Feria de Sevilla – Brillenputztuch

Sehen ist wesentlich in der Photographie. 

Die Feria de Sevilla ist typisch für Sevilla, das einmal gesehen und erlebt zu haben, ändert die Wahrnehmung von Land und Leuten. Aus diesem Grund habe ich mich dazu entschieden ein Brillenputztuch zur Feria zu machen. Aus meiner Sammlung an Photos, aus der sich auch mein Photobuch zur Feria speist, habe ich eines gewählt, um das Brillenputztuch zu gestalten. 

Brillenputztuch by D'oroThea 2026
Brillenputztuch by D’oroThea 2026

Feria de Sevilla – Kultur pur

Die Feria de Abril ist ein Highlight in Sevilla. Alle Jahre wieder, nein, nicht Weihnachten, findet die Feria de Sevilla im Anschluss an die Osterfeierlichkeiten statt, es ist ein kulturelles Ereignis von überbordender Größe. Während einer ganzen Woche wird das Leben gefeiert und jeder kommt dabei auf seine Kosten. In meinem zweisprachigen Wendebuch Juan de Sevilla habe ich vier wesentliche kulturelle Aspekte und Ereignisse von Sevilla und Andalusien aufgegriffen und in Form von Kurzgeschichten um Juan dargelegt. Don Juan, der große Verführer führt durchs Buch und zeigt anhand seiner Erfahrungen die Kultur Sevillas. 

Human Made Photos by D’oroThea

Meine Photos, genauso wie auch die Photoprodukte sind alle von mir persönlich aufgenommen und weiterverarbeitet worden, sei es, dass sie in einem Buch, Brillenputztuch oder als Karten zusammengestellt sind, immer habe ich persönlich die Wahl getroffen. Ich lege großen Wert darauf, dass meine Photo human made sind, ich verzichte bewusst auf die Nutzung von künstlicher Intelligenz und nachträgliche Bildbearbeitung, obwohl ich eine Digitalkamera benutze, stattdessen nehme ich meine Photos gezielt auf. Wer mag kann Brillenputztücher oder Photobooks von mir käuflich erwerben. 

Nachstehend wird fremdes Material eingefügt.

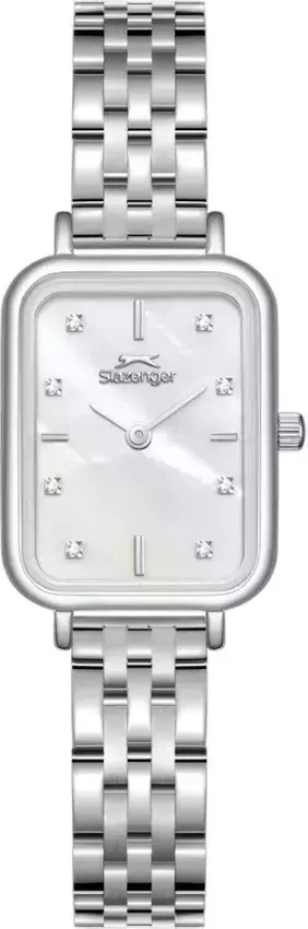 Model SL.09.2549.3.01 marki Slazenger to stylowy zegarek naręczny damski, który posiada pomysłowe rozwiązania i funkcje. Tarcza zegarka jest w kolorze perłowym. Zegarek ten prezentuje godzinę w formacie analogowym dzięki czemu odczyt jest bezproblemowy. Koperta została ozdobiona kolorem srebrnym szeroka jest na 20 mm - cechuje się prostokątnym kształtem.
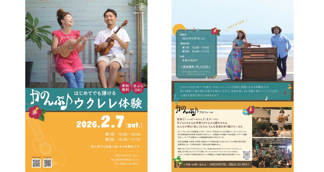 初心者の方でも安心して楽しめるウクレレ体験会を開催します。
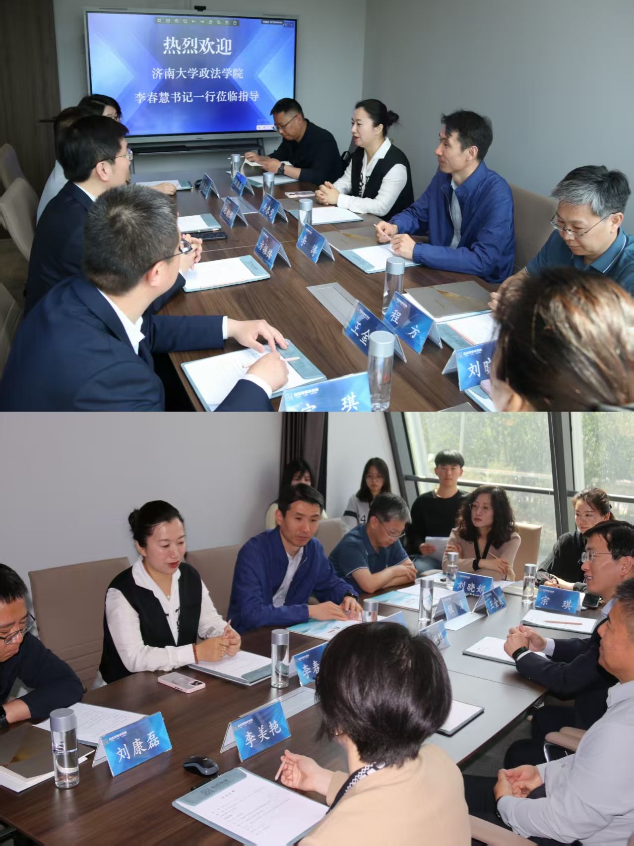 学科建设与人才培养情况。她表示,学院高度重视实践育人,希望通过与律所共建基地,推动法学教育与社会需求精准对接,为学生提供更多优质实习岗位和创新创业实践机会,全面提升学生的法律实务能力与社会竞争力。李涛就学生就业指导、实务课程共建等合作方向提出具体建议。法学系系主任刘康磊和党支部书记程方介绍了省人大地方立法研究服务基地、省司法厅政府立法研究服务基地、济南律师学院等基地建设情况,就支部共建、培训基地建设以及文化品牌合作等方面进行了深入交流。
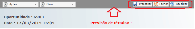 Na imagem acima podemos observar a cor de fundo da barra superior, que compreende o menu de “Ações“ e o menu “Gerar” do atendimento. Também contempla os botões que foram selecionados.
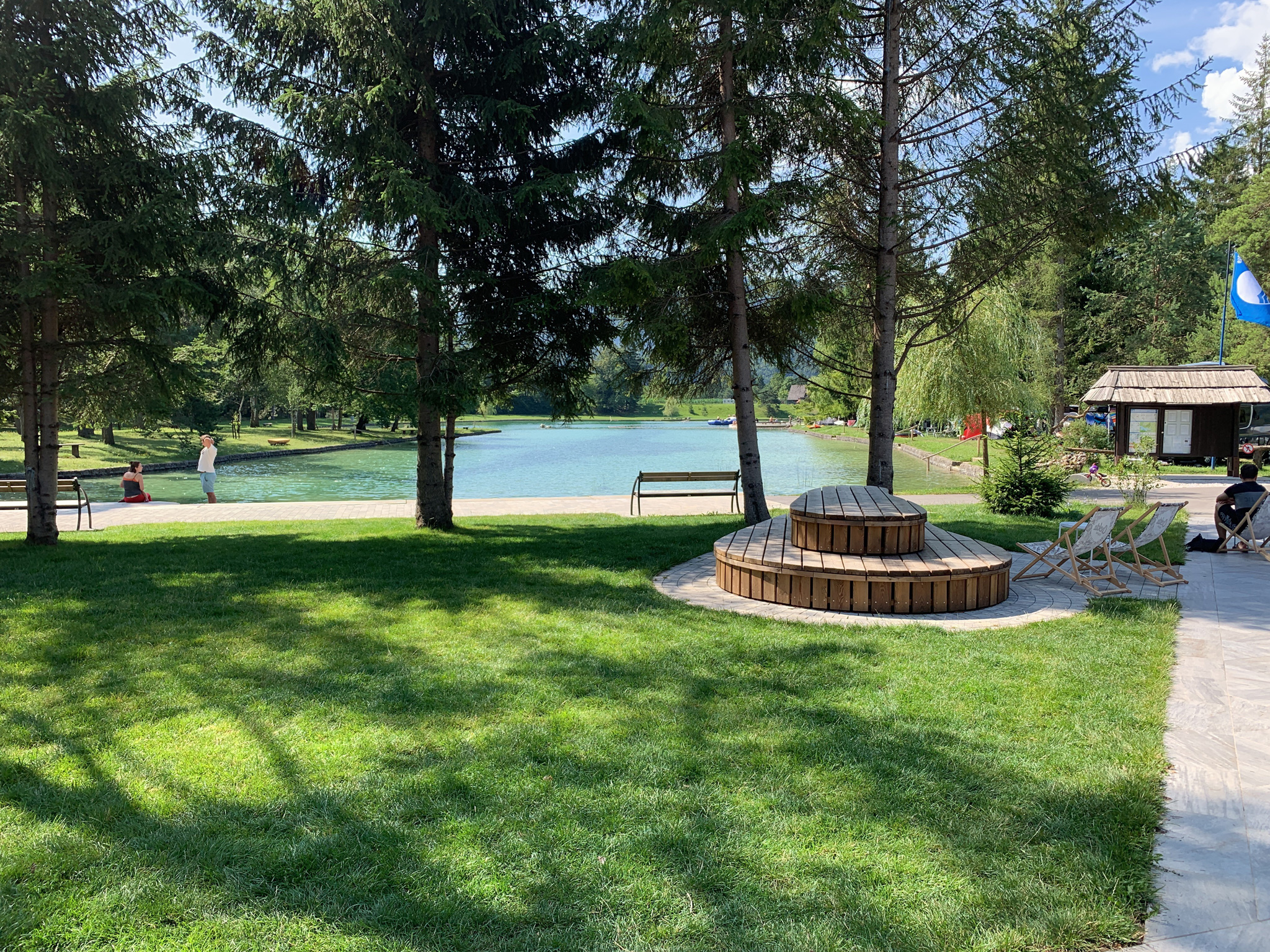 The swimming lake is huge.

Facetten einer Tradition - Feria de Sevilla by Dorothea Schönfeld
Facetten einer Tradition – Feria de Sevilla by Dorothea Schönfeld

Photographie und Brillenputztücher

Photographie und Brillenputztücher, wie geht das zusammen, nun, ein wesentlicher Aspekt ist es zumindest die gelungenen Photographieren zu teilen und zu zeigen, natürlich kann ich sie online auf irgendwelchen Plattformen ausstellen. Aber unter uns gesagt, das ist nur halb so schön, wie zu sehen, wie Menschen dem Photo begegnen, sei es als Druck, im Buch oder eben als Gebrauchsgegenstand in Form eines Brillenputztuchs. 

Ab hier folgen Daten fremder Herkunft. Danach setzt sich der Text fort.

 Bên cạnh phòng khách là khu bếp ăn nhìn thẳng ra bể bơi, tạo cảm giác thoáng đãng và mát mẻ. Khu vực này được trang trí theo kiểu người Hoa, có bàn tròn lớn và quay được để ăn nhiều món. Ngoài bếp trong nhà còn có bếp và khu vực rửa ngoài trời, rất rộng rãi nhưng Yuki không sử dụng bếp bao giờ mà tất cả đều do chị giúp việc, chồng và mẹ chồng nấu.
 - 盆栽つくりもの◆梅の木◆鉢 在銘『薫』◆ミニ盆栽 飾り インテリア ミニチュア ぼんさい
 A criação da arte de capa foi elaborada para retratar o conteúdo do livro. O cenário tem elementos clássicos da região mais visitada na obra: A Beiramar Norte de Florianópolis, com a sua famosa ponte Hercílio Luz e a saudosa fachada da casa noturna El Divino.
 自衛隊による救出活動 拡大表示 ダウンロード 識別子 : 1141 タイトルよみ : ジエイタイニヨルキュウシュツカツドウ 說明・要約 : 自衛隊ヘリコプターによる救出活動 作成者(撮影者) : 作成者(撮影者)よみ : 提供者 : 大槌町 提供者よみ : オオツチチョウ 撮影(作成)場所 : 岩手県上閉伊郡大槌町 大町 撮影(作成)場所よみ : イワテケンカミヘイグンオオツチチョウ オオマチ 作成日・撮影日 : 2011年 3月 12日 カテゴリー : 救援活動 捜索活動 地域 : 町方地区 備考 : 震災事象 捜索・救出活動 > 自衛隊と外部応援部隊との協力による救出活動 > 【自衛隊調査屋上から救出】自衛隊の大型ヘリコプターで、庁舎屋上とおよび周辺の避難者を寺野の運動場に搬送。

Brillenputztuch by D'oroThea 2026
Brillenputztuch by D’oroThea 2026

Ein Alltagsgegenstand neu gedacht, Brillenputztücher kann jeder brauchen. Ein Brillenputztuch dient natürlich zunächst einmal dazu eine Brille oder Sonnenbrille zu reinigen, aber es gibt heutzutage noch verschiedene weitere Einsatzgebiete, beispielsweise Geräte mit einem Bildschirm wie Handys oder Kameras. Ich benutze Brillenputztücher regelmäßig. 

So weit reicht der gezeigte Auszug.